There were a lot of Samis involved from the start and some of the actors were true Samis. They could guide us and say if they thought anything was prejudiced. I’m sure there are always people that think “This is crazy, this is totally wrong”. But I have had very positive reactions. We had two Sami pop singers who are in the frontline of the political discussions between the Samis and the Swedes involved: Maxida Marak and Sofia Jannok. They are proud and think this is a very good series from a Sami perspective.

The scenery is incredible – did you have time to enjoy it?

It was fantastic. For me, it was like going on an exotic trip to another country and I was still in Sweden. I stayed in a little hotel cabin and went for walks when I had free time. There’s 25 miles to the next little house and then 45 miles to the next so it’s just nature. It’s good for the soul to see where we all come.  felt I should take my kids up because they really should see it.

A snapshot of the stunning backdrop to the show

Midnight Sun is set in Sweden’s northernmost town Kiruna, which is being moved so mining can continue in that area. Is it a real place?

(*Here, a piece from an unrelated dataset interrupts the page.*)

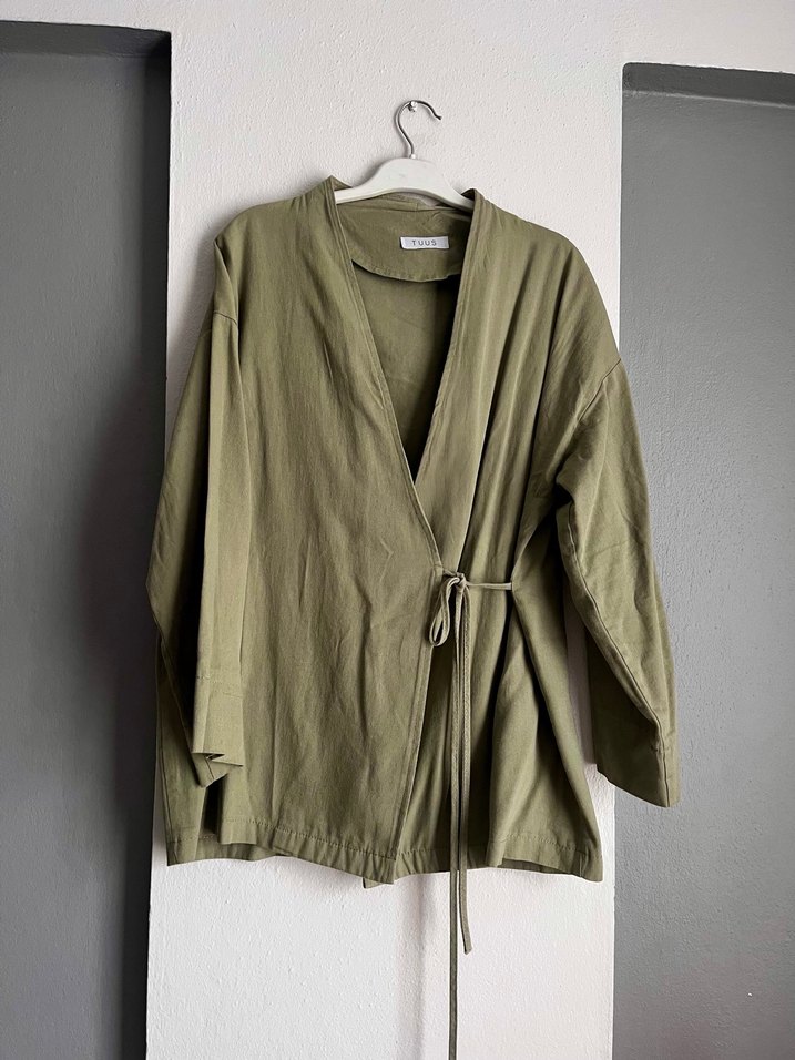 Yumuşak keten kumaştan, kuşaklı ve normal boy ceket.Minimalist, desen içermeyen, günlük kullanıma uygun.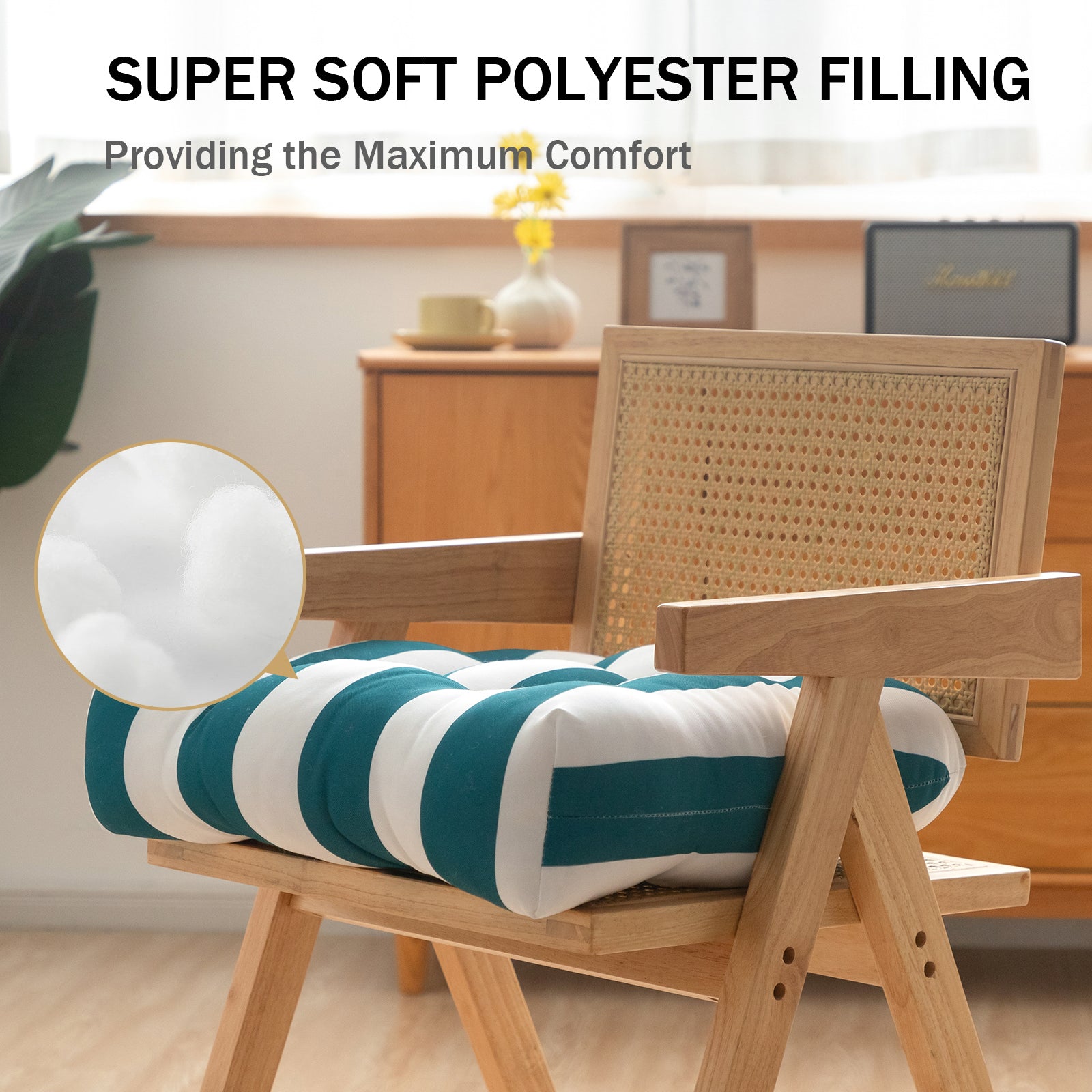 Design and Material - Our High-Quality Rich Printed Teal and White Stripes can Match any of Your Chair. 100% Pure 900 GSM Polyester Filling with Top Heavy-Duty 100% Polyester 210 GSM Shell. The Floor Cushion is a Square Shape with Front Rounded Curved Corner. Our Cushions Cover is Tufted Simply Elegant Design and Size are fitted almost all Chairs

Yes, and they’re actually moving the town for real because of the mine. I think what’s good about the show is that it’s an exciting crime thriller but it also has this racism issue and economical, political issue. The mine that brings in a huge amount of money for the Swedish because it is owned by the government. Now they’re digging almost under the town, but instead of moving and stopping the mine, they want to move the town. It’s unbelievable.

Is there going to be a second series?

Well, that is the question: to be or not to be. It’s been a huge success. The problem is the creators felt they made one complete story and don’t want to make a weaker second season or to milk the thing. I’m up for it but there has to be a good, logical story. Maybe we’ll come to Midsomer in England. There are a lot of murders there!

Is Midsomer Murders popular in Sweden?

Very. Swedes love British crime shows.